School fighting for the right to be integrated:
...Berea College in Kentucky had moral [reasons to go to court]. At the time, the college, which was organized as a corporation like one of the earliest corporate rights litigants, Dartmouth College, was the only racially integrated school in the South. After Roosevelt’s fateful dinner with Booker T. Washington at the White House, Kentucky lawmakers hardened their segregationist resolve and passed a law prohibiting any school from having a racially integrated student body. The college challenged the law on various grounds, including interference with its right to choose its own students. It was unconstitutional, the college argued, to prohibit “the voluntary association of persons of different races” absent compelling reasons.
Justices had somewhat more 'political' lives in the past:
Hughes had to resign from the Supreme Court to run [for President!]. For all his intellectual and prosecutorial gifts, however, Hughes was a poor campaigner and, in an upset, lost by only a few thousand votes to the incumbent Wilson. The lesson of his failed candidacy—that the judicial temperament is ill-suited to the rigors of the type of modern, commercial-style campaign first envisioned by Mark Hanna—would discourage future Supreme Court justices from running for national executive office. (William O. Douglas came closest in 1940 and 1944 when he was considered for vice president by Franklin Roosevelt.) Losing the presidency and a lifetime seat on the Supreme Court within months of each other, however, did not seem to faze the gifted Hughes.
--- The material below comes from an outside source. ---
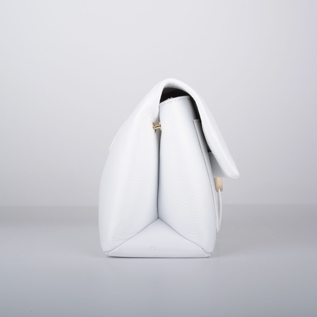 The bag closes with a flap and is additionally secured with a hidden magnetic button.
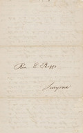 The packet opens with a handwritten note: “Samuel was born in Argos, Greece on the 31st of August 1836, and died in Smyrna Dec. 24th 1844. His death was in consequence of a fall.” Includes a charming letter written in clear printed script from Elias (in Constantinople) to his son (in Bournabal), age seven: “My dear son, I wish to write at least a line for you which you can read. I have many thoughts about you every day, and about your dear sisters, and I try to pray that God will bless you all. You must be very kind to one another and very obedient to mamma especially now that papa is away. Be kind also to Zoe and Elene. I hope they are good girls. Tell Kyra Floro also and Barba Demetri that I remember them too. I think I will write a little letter to Elizabeth next week. Farewell my dear Samuel. Your affectionate papa.” A letter from a [J or L] Lee with a note of blessing for Samuel, then a series of condolence letters upon his death. From W. Goodell: “To think of that beautiful form, first so mangled by the fall, and then put into the ground to be in a short time indistinguished from common dust.” As with the letters related to the deaths of Elizabeth and Emma, all of the condolence letters contain religious explanations or justifications, and assurances that the departed is with God. A particularly thoughtful and introspective letter from M.G. Benjamin expresses condolences upon just having heard the news, but is dated Dec. 6th 1845 (which would be almost an entire year after Samuel’s death on Dec. 24 1844. Likely this is an error, and Benjamin composed the letter on Jan. 6th).

Like a cat with nine lives, he would go on to serve as secretary of state to two presidents and, in 1930, would be appointed again to the Supreme Court of the United States, this time as chief justice.
This case was about proselytizing in a 'company town', but obviously has some application (I think) to current companies that want to exclude certain sorts.
Although Black recognized that private property owners usually have the right to exclude whomever they want from their property, the “more an owner, for his advantage, opens up his property for use by the public in general,” the more the owner has to respect the constitutional rights of the public. Here, Chickasaw’s business block was “accessible to and freely used by the public in general.” Because Chickasaw was a town—even if it was really a company town—it could not silence religious minorities.
The world could use more Congressional committees humiliating people interfering with witnesses:
In 1966, Gillen sent out agents to look into [Ralph] Nader’s personal life, to see if the crusader was into “women, boys, etc.,” and to determine if he liked “drinking, dope” or anything else scandalous.11 When Morton Mintz of the Washington Post reported that Nader was being tailed, Senator Abraham Ribicoff, the chairman of the Senate subcommittee, was outraged at the apparent harassment of a congressional witness. He demanded GM president James Roche appear before the Senate, where the humiliated car executive was forced to apologize repeatedly.
Of the many things one could blame Rehnquist for, annoying pharmaceutical commercials are not among them.
“The logical consequences of the court’s decision in this case are far-reaching indeed,” warned Rehnquist. Not only would the court’s ruling inevitably “extend to lawyers, doctors, and all other professions,” it would also lead to “active promotion of prescription drugs, liquor, cigarettes, and other products.” In a prescient passage, Rehnquist predicted that pharmaceutical companies would soon be hawking their drugs directly to consumers: “Don’t spend another sleepless night,” he predicted the ads might say. “Ask your doctor to prescribe Seconal without delay.”